Judging by the amount of effort that some farm organizations have put into their support of eliminating the estate tax (also dubbed the death tax), one would think that most farm heirs are like the maiden in the typical silent film melodrama. As the piano player builds to a musical climax, the villain (played by the federal government’s estate tax) tells the helpless maiden (read farm heirs) that if she doesn’t give him the deed to the ranch he is going to tie her to the railroad tracks.

In an era of federal budget deficits it seems to us that it makes sense to determine how likely such a scenario is. Is the federal estate tax breaking up family farms and driving the next generation off the farm? The Congressional Budget Office examined that question in a report they completed in July 2005. The report is titled, “Effects of the Federal Estate Tax on Farms and Small Businesses,” and is available online at www.cbo.gov/ftpdocs/65xx/doc6512/07-06-EstateTax.pdf.

The report shows that in 2000, the number of farm estates that had to file an estate tax return was 4,641 and of those a little over one-third (1,659) owed any estate tax at all. Of the 1,659 who owed estate taxes only 138 did not have sufficient liquid assets to immediately pay the taxes due. It should be noted that for farmers, the estate tax payments can be paid over as many as 14 years. The 2000 filings included the estates of persons dying in 1998, 1999, and 2000 and the exemption level varied from $625,000 to $675,000, according to the year of death.

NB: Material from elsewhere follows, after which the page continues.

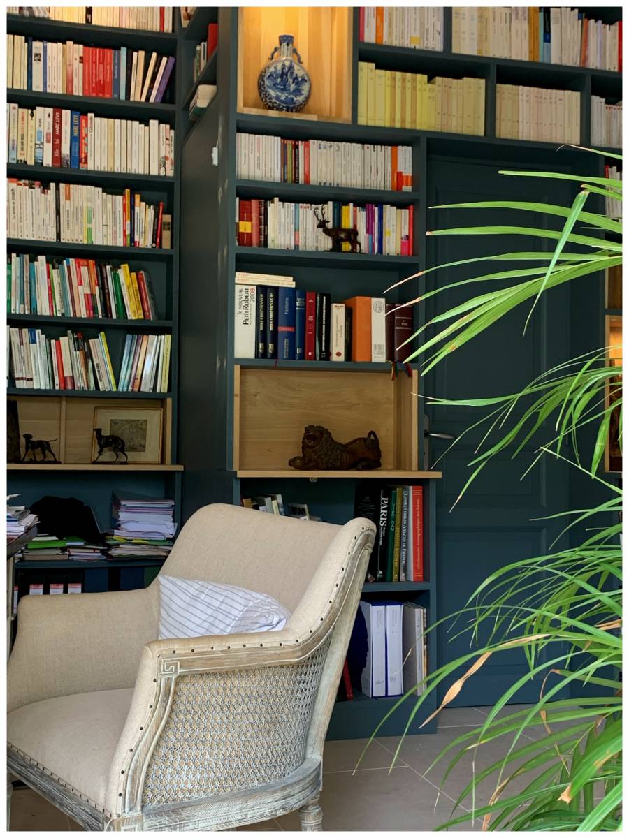 Le mélange de la pierre d'Égypte posée en opus , le chêne naturel de la bibliothèque viennent apporter de la douceur à ce bleu très présent. Les jeux d'opposition et d'association sont essentiels dans l'architecture d'intérieur et dans la décoration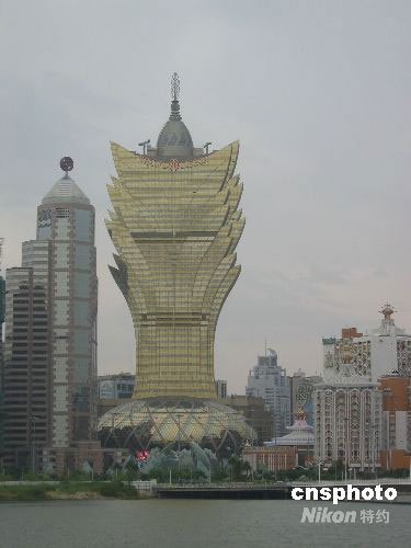 受臺(tái)風(fēng)“黑格比”影響,澳門二十三日十三時(shí)改掛三號風(fēng)球。圖為陰云籠罩下的澳門中銀大廈和新葡京酒店。中新社發(fā) 畢永光 攝

If the exemption level were raised to $1.5 million, the number of farm estates required to file an estate tax return would shrink to 1,005 with just 300 of those having to pay any estate tax. Of that 300, only 27 would lack sufficient liquid assets to immediately pay the tax. At a $3.5 million exemption the numbers would be 187 tax returns, 65 owing any tax, and 13 with insufficient liquid assets to pay the estate tax liability. The CBO notes that its analysis “probably overestimate[s] the number of estates with taxes in excess of liquid assets because they do not reflect money held in trusts.”

If we accept that the number of commercial farms in the US is around 500,000, then with a $3.5 million exemption, only 3-one thousandths of one percent of farms would be in jeopardy of having to sell some land to pay the taxes. These numbers also assume that at least one of the heirs wants to stay on the farm and continue the operation. In some cases the farm is broken up after death not because of taxes but because some of the non-farm siblings want to sell the land and invest the money in other ways.

It is often the lack of interest by family members to remain in farming that causes the break-up of family farms, not estate taxes.

Daryll E. Ray holds the Blasingame Chair of Excellence in Agricultural Policy, Institute of Agriculture, University of Tennessee, and is the Director of UT’s Agricultural Policy Analysis Center (APAC). (865) 974-7407; Fax: (865) 974-7298; dray@utk.edu; http://www.agpolicy.org. Daryll Ray’s column is written with the research and assistance of Harwood D. Schaffer, Research Associate with APAC.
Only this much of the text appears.